TASK BRIEF:
Please reproduce the listing word for word. Pictures stay out.

SUPPLIED INFORMATION:
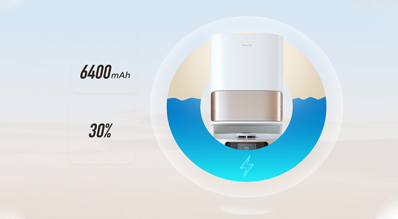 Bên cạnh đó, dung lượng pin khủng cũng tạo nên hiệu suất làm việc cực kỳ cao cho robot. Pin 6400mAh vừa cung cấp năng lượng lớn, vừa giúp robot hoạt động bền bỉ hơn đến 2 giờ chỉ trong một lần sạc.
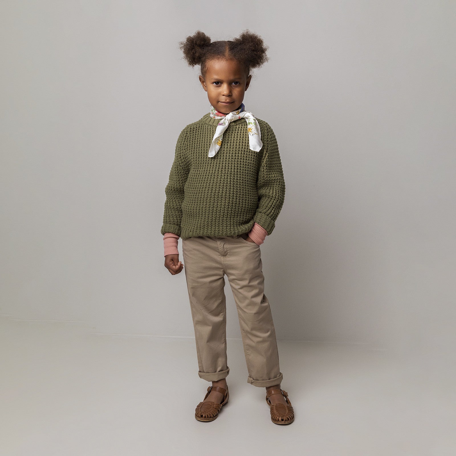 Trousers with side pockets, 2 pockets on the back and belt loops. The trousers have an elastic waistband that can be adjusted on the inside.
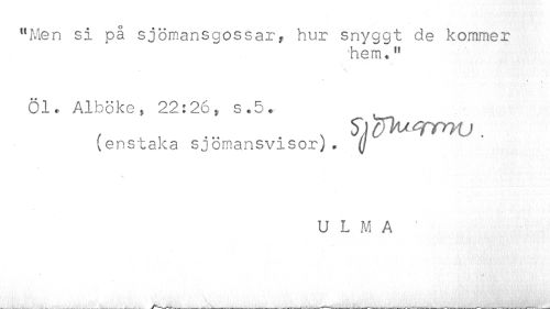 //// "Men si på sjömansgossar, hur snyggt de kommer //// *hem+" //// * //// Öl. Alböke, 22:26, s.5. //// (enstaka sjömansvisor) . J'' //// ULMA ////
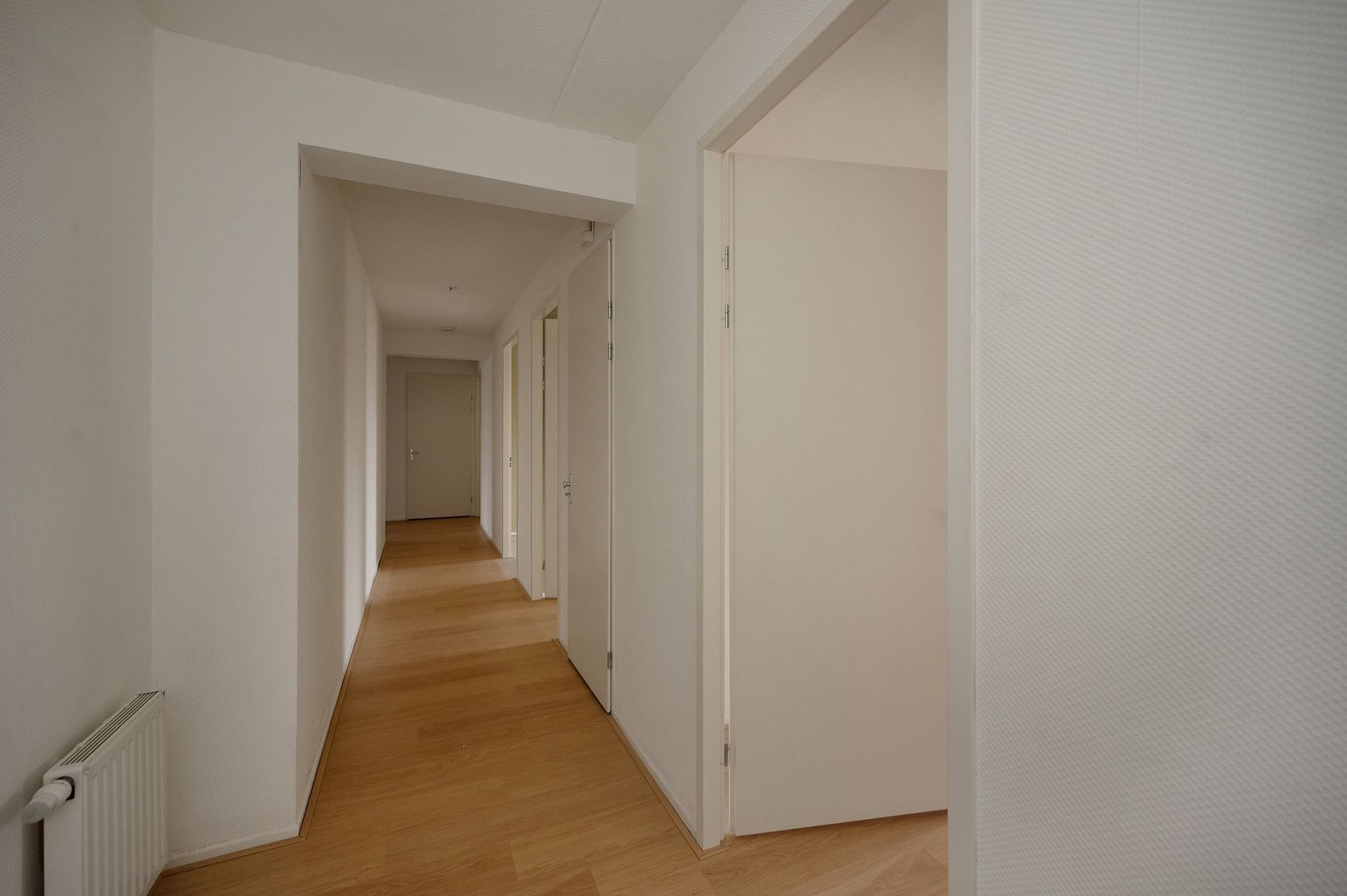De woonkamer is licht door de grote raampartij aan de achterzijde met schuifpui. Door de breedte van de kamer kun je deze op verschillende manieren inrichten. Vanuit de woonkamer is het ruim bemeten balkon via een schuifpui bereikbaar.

FINISHED TASK:
 Bên cạnh đó, dung lượng pin khủng cũng tạo nên hiệu suất làm việc cực kỳ cao cho robot. Pin 6400mAh vừa cung cấp năng lượng lớn, vừa giúp robot hoạt động bền bỉ hơn đến 2 giờ chỉ trong một lần sạc.
 Trousers with side pockets, 2 pockets on the back and belt loops. The trousers have an elastic waistband that can be adjusted on the inside.
 //// "Men si på sjömansgossar, hur snyggt de kommer //// *hem+" //// * //// Öl. Alböke, 22:26, s.5. //// (enstaka sjömansvisor) . J'' //// ULMA ////
De woonkamer is licht door de grote raampartij aan de achterzijde met schuifpui. Door de breedte van de kamer kun je deze op verschillende manieren inrichten. Vanuit de woonkamer is het ruim bemeten balkon via een schuifpui bereikbaar.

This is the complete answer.